The dynamin GTPase is known to bundle actin filaments, but the underlying molecular mechanism and physiological relevance remain unclear. Our genetic analyses revealed a function of dynamin in propelling invasive membrane protrusions during myoblast fusion in vivo. Using biochemistry, total internal reflection fluorescence microscopy, electron microscopy and cryo-electron tomography, we show that dynamin bundles actin while forming a helical structure. At its full capacity, each dynamin helix captures 12–16 actin filaments on the outer rim of the helix. GTP hydrolysis by dynamin triggers disassembly of fully assembled dynamin helices, releasing free dynamin dimers/tetramers and facilitating Arp2/3-mediated branched actin polymerization. The assembly/disassembly cycles of dynamin promote continuous actin bundling to generate mechanically stiff actin super-bundles. Super-resolution and immunogold platinum replica electron microscopy revealed dynamin along actin bundles at the fusogenic synapse. These findings implicate dynamin as a unique multifilament actin-bundling protein that regulates the dynamics and mechanical strength of the actin cytoskeletal network.

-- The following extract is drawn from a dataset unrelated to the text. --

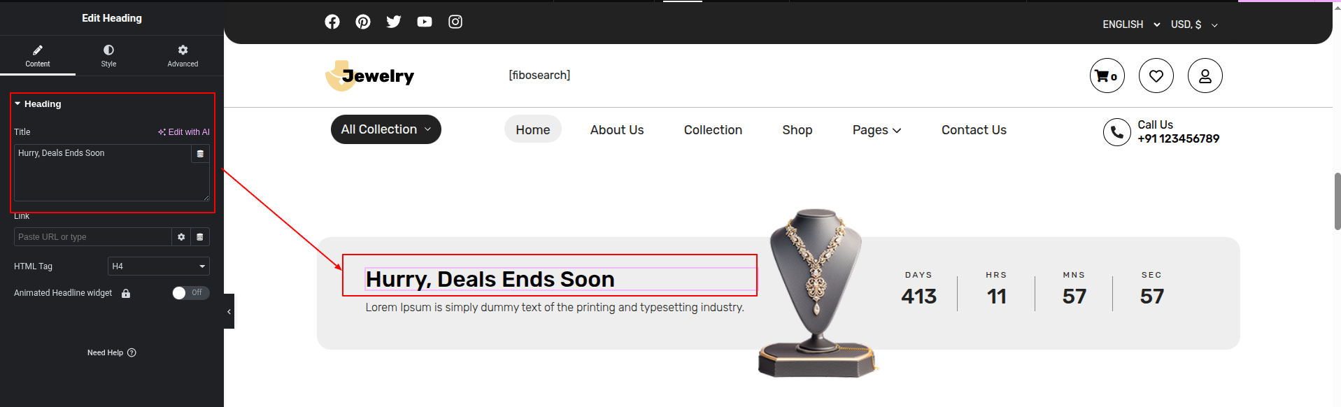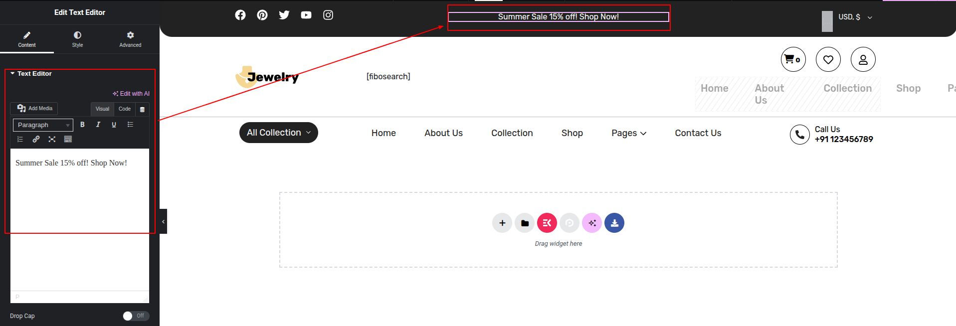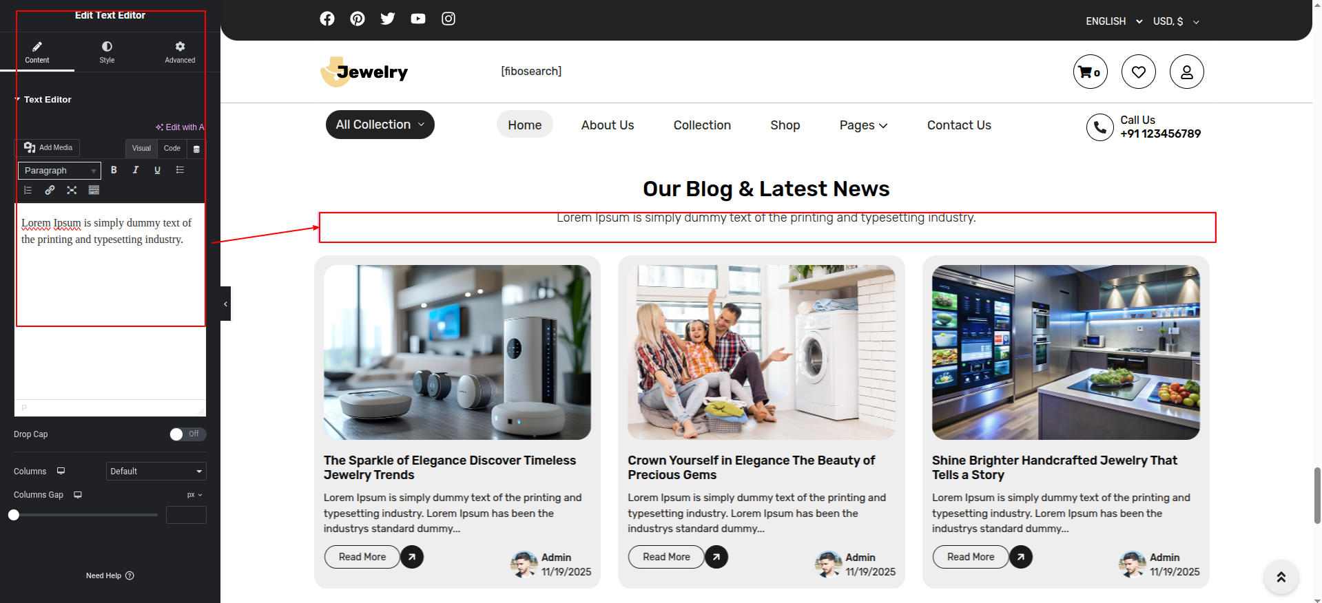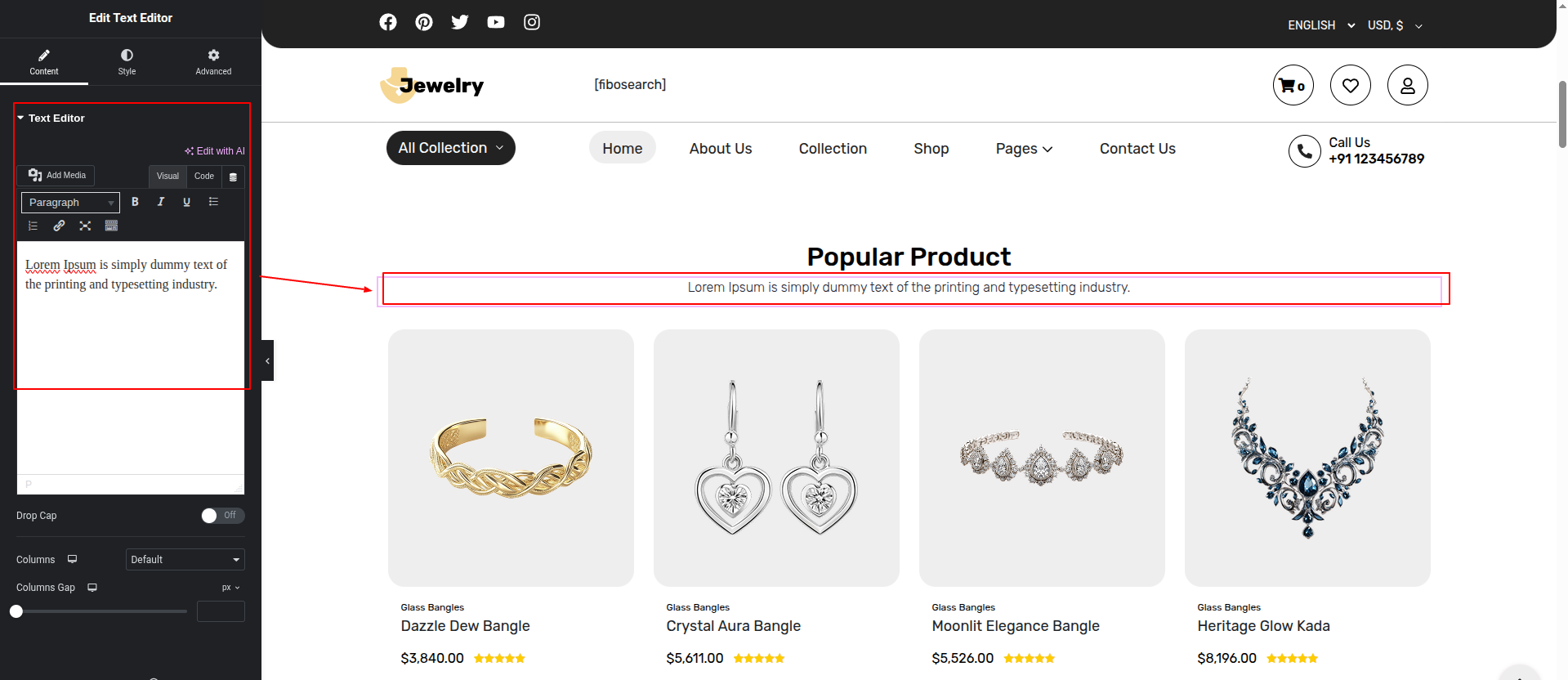 To Edit this Section, Click On the "Edit With Elementor" Button which will open the Elementor Widget editor.

众所周知，发动蛋白 GTP 酶会束缚肌动蛋白丝，但其潜在的分子机制和生理相关性仍不清楚。我们的遗传分析揭示了动力蛋白在体内成肌细胞融合过程中推动侵入性膜突起的功能。使用生物化学、全内反射荧光显微镜、电子显微镜和低温电子断层扫描，我们发现动力蛋白在形成螺旋结构的同时将肌动蛋白束起来。在其最大容量时，每个动力螺旋在螺旋外缘捕获 12-16 条肌动蛋白丝。发动蛋白对 GTP 的水解会触发完全组装的发动蛋白螺旋的分解，释放出游离的发动蛋白二聚体/四聚体，并促进 Arp2/3 介导的支链肌动蛋白聚合。dynamin 的组装/拆卸循环促进连续的肌动蛋白捆绑，以产生机械僵硬的肌动蛋白超束。超分辨率和免疫金铂复制电子显微镜显示融合突触处沿着肌动蛋白束的动力蛋白。这些发现表明动力蛋白是一种独特的多丝肌动蛋白束缚蛋白，可调节肌动蛋白细胞骨架网络的动力学和机械强度。